"something for which electronics has no language"

"something for which electronics has no language"
Photo by CHUTTERSNAP / Unsplash

(citation: title phrase borrowed from Murray Bookchin's Utopia not futurism lecture, 1978)

Hello friends,

How are you this eclipse week? I am wrapping up a Creative writing through reading class I've been taking, and preparing for a short workshop I'm offering on Neurodiversity at work with a partner organization. The snow and ice are slowly melting away, and the sun is re-enchanting me as spring rolls around.


This week I wanted to share with you a poem I read at an open mic in November 2024 at the Draft Reading Series. It was an honour to read alongside this fabulous and diverse group of writers and poets. I received the video from the Draft team recently, I've linked to the timestamp when my reading starts, it's five minutes long!

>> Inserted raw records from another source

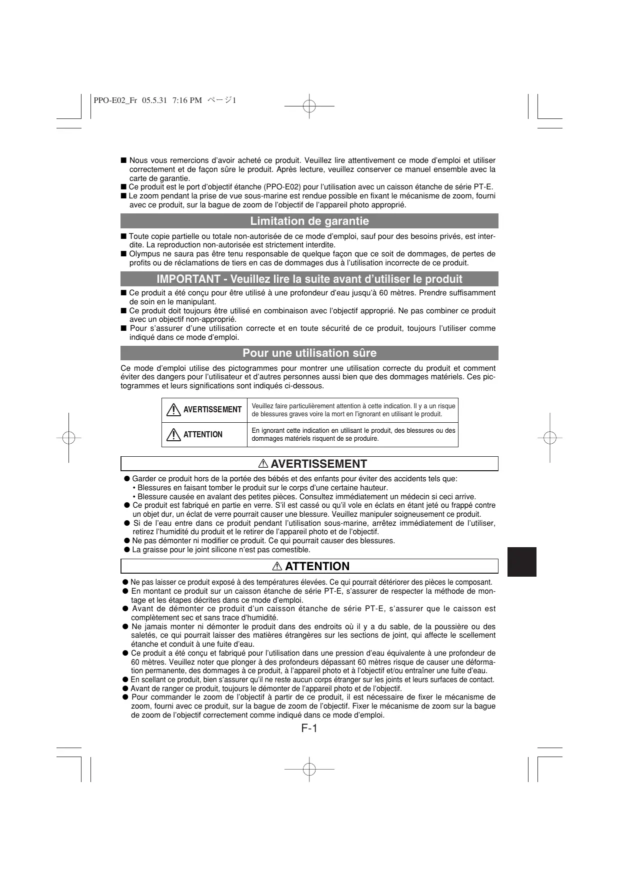 MODE D'EMPLOI PPO-E02 OLYMPUS
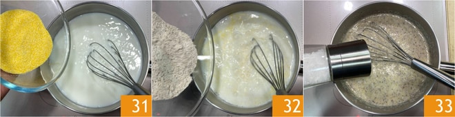Am Ende der Garzeit schalten Sie die Hitze aus und fügen den ungesüßten Kakao hinzu 28, gut umrühren, um alles zu vermengen. Bereiten Sie die Taragna-Polenta vor: Gießen Sie das Wasser 29 und die Milch 30 in einen kleinen Topf und bringen Sie es zum Kochen.
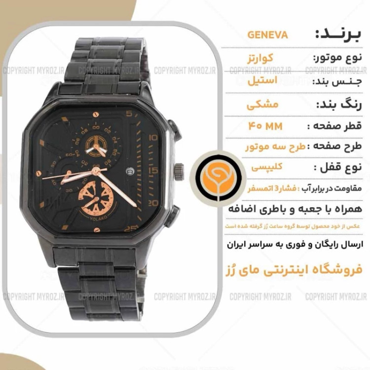 ساعت مچی مردانه جینوا GENEVA مدل 2093 • • برند : GENEVA • ضد آب 3 اتمسفر ( در حد پاشش آب 3ATM ) • مناسب برای : آقایان • روزشمار : دارد • نوع قفل : کلیپسی • شیشه : اکرلیک • جنس بند : استیل • رنگ بند : مشکی • شکل صفحه: مربع • قطر صفحه : 40 میلیمتر • رنگ صفحه : مشکی • وزن خالص : 80 گرم • درجه کیفیت موتور : کوارتز A++ • همراه با جعبه شکیل و باطری اضافه تمامی عکس ها از خود محصول در استدیو تخصصی مای رُز گرفته شده است ویژگی های خاص : طراحی جذاب و جدید، طرح سه موتوره ( تک موتوره ) تقویم فعال .
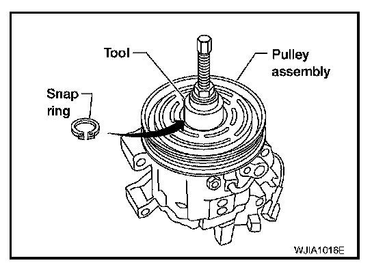 3. Install the pulley assembly using Tool and a wrench, and then install the snap ring using snap ring pliers.
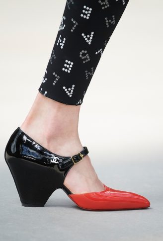 Вдохновленная путешествиями круизная коллекция CHANEL 2019/20 фокусируется на силуэте в движении, мощном и в то же время нежном. Комфорт, функциональность и элегантная простота составляют основу этого очарования, которое ничто не сдерживает. И чтобы дополнить образ аксессуарами, Вирджиния Виард представила коллекцию обуви, которая в буквальном смысле встряхнула великую классику CHANEL. Лакированная кожа, ремешки, конический каблук 7 или 9 см, острый носок, двухцветное решение, причем один из цветов всегда черный…
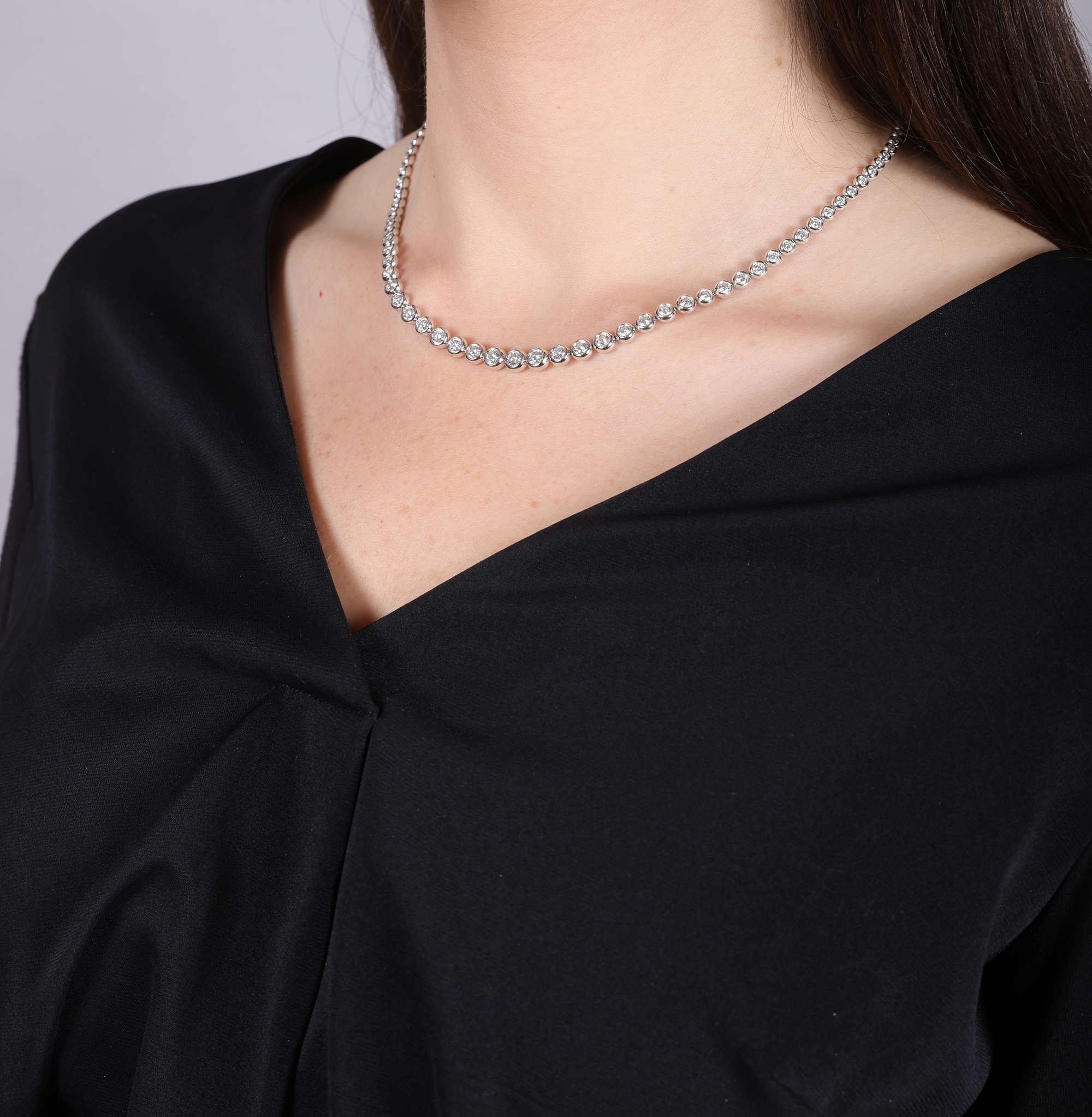 Designed as a single line of graduated collet-mounts set with brilliant-cut diamonds, mounted in 18K gold, diamonds approximately 6.20cts total, length 42cm
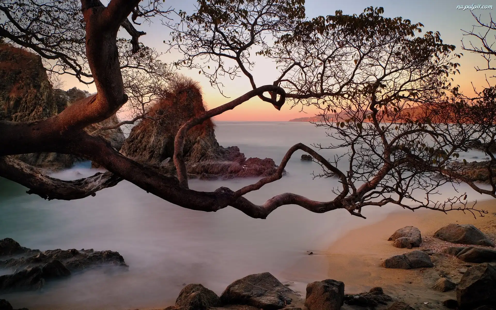 Gałęzie, Morze, Drzewo, Skały, Kamienie, Wybrzeże, Roślinność Na Pulpit
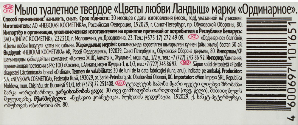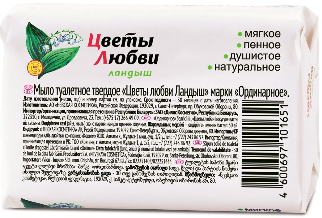 Нормальное недорогое мыло. Кожу не стягивает, не сушит. Аромат сирени слабый, но, может, и хорошо, что не навязчивый. Попробуем ещё ландыш.

Open mic at Draft Reading Series online, Nov 2024. Kadir reads at 46:00 mins

I leave you with links to my sources and inspirations for this poem, Dreaming an alternate past for the futurist manifesto:

I worked on this poem at a poetry class I took last year facilitated by Tyler Pennock at university of guelph continuing education. We read Billy Ray Belcourt’s blackout poem Treaty 8 in his collection NDN Coping Mechanisms in this class, which inspired this work where I erase parts of the incendiary manifesto of futurism to reveal another story, another possible reality.

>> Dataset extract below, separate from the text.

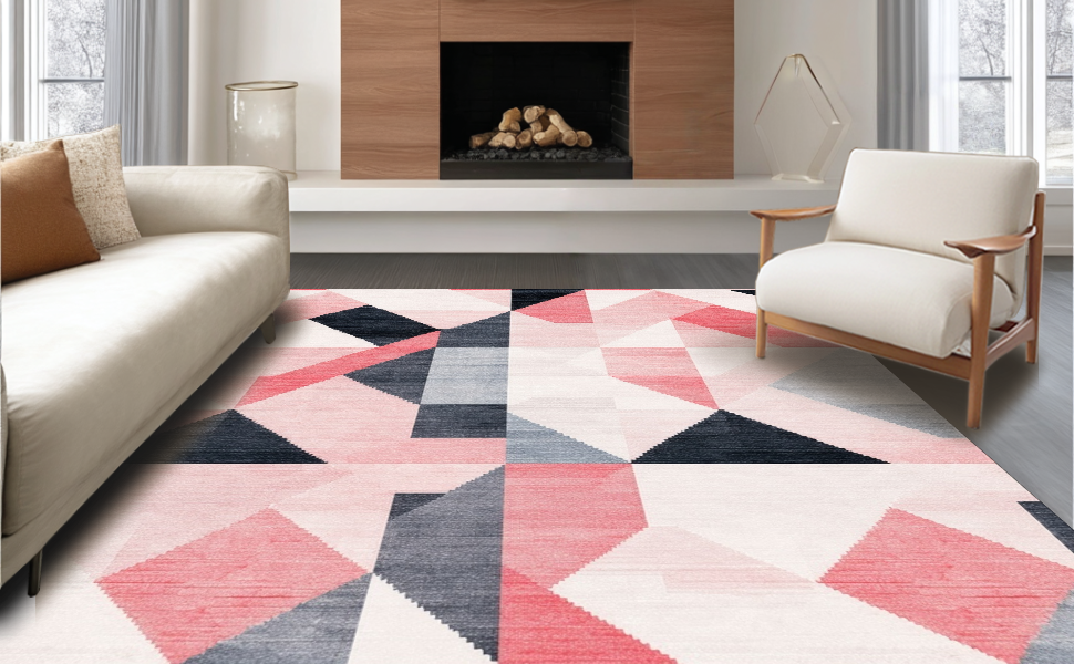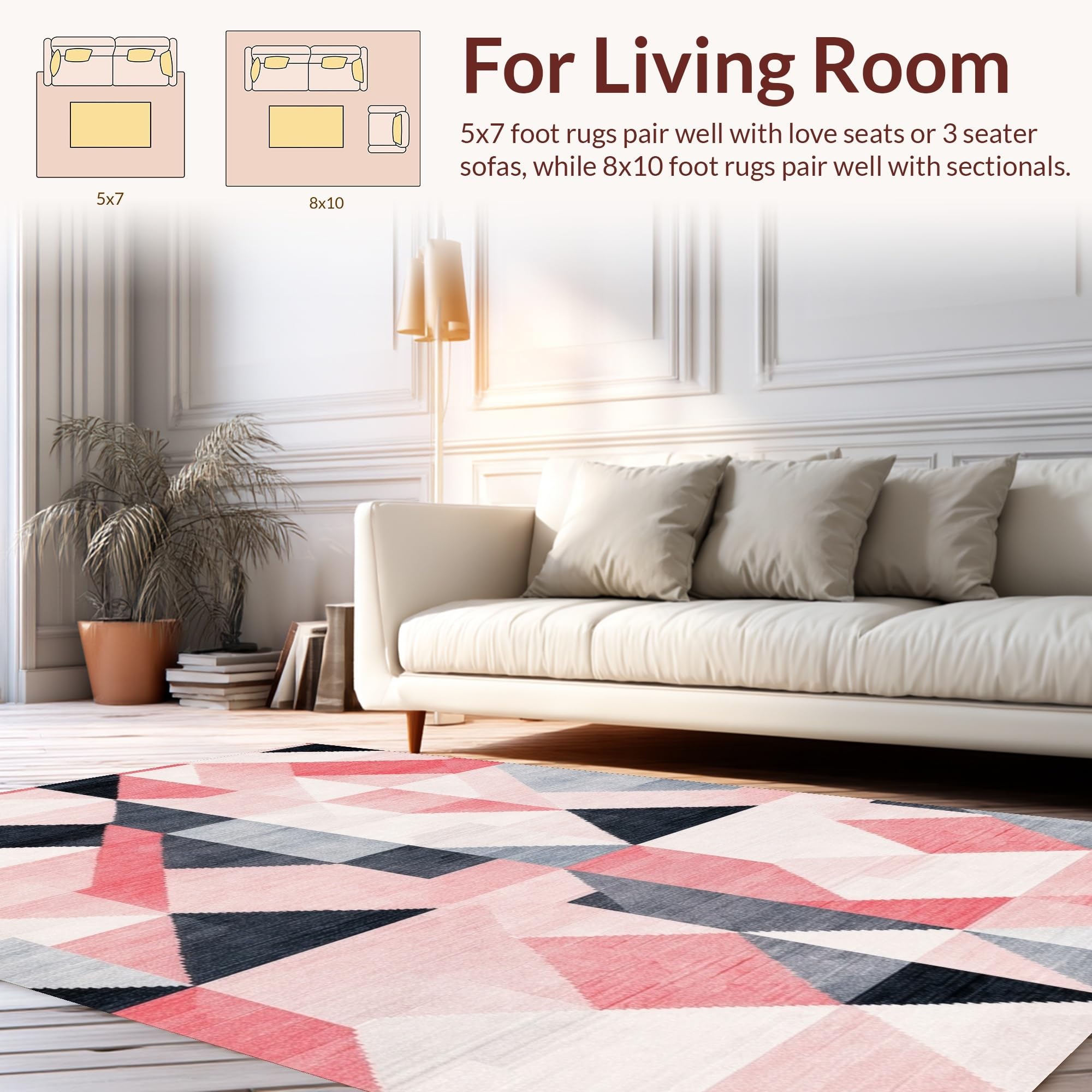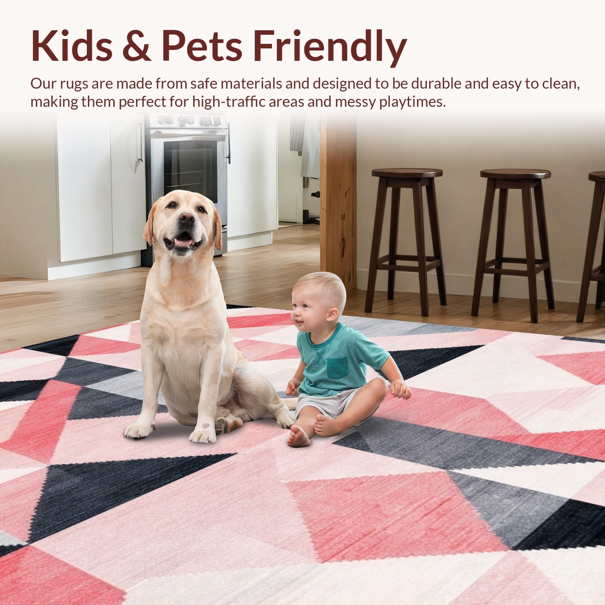 Ultra Soft Area Rug, Non Slip, Stain Resistant, Washable Area Rugs for Living Room, Bedroom, Cozy Triangle Motif in Pastels(Pink) Overview:

I came across The Futurist Manifesto while flipping through magazines in my bookshelf feeling my way into a seed for a writing prompt. In an essay by Sarah Scott in Culturala magazine’s first print issue, Disappearance, I spotted it, and went down the wikipedia link rabbit hole and here we are!

The Futurist Manifesto, (Italian: Manifesto del Futurismo) was written by the Italian poet Filippo Tommaso Marinetti and published in 1909. Marinetti expresses an artistic philosophy called Futurism that was a rejection of the past and a celebration of speed, machinery, violence, youth and industry. It also advocated for the modernization and cultural rejuvenation of Italy.

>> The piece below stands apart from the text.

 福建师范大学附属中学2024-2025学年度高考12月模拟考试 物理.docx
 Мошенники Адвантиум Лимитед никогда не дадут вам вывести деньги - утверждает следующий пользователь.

As I delved into Futurism and read the Manifesto, I was struck by the emphasis and passion for industrialization, speed, growth, with a simultaneous disdain for the past, and a desire to dominate the earth — All forces we deal with in this settler colonial late stage capitalist dystopia we are in, then and now, over a century later. It told me a story of the power of art and poetry to move people into action, and the great responsibility that comes with it.



After I worked on this, I read this lecture Murray Bookchin gave, at the Toward Tomorrow Fair in Amherst, Massachusetts, on August 24, 1978, called "Utopia, not Futurism: Why doing the impossible is the most rational thing we can do". It was shared by Toi Smith in their newsletter series The Deepening. I love when my universe keeps bringing me back to themes that I have become recently obsessed with! I highly recommend reading the whole lecture, I love how he talks about the language we use that comes from the world of electronics:


We’re beginning to develop a language which has nothing whatever in common with ecology. It has a lot to do with electronics. We talk of input. ‘Give me your input. Plug in!’ [laughter] Well, I don’t ‘plug in’, I discuss [applause]. Machines ‘plug in’. Radar is the language that produced it and the military is the language that produced the words ‘plug in’.

‘Give me your input’. That is not what I want. I don’t want your output, I want you. I want to hear your words. I want to hear your language. I’m not engaged in ‘feedback’ with you [laughter], I’m engaged in a dialogue, a discussion. It isn’t your ‘feedback’ I want, I want your opinion. I want to know what you think. I don’t want to have a circuit plugged into me where I can get your ‘feedback’ and you can get my ‘input’. [laughter]

...

Please, I’m making a plea here, and if you think I’m talking about language, I think you would be wrong. I’m not talking about language, I’m talking about sensibility. A plant does not have ‘input’ or ‘output’. It does something for which electronics has absolutely no language—it grows! It grows! [applause]. And let me tell you another thing, it not only grows, it does more than change; it develops.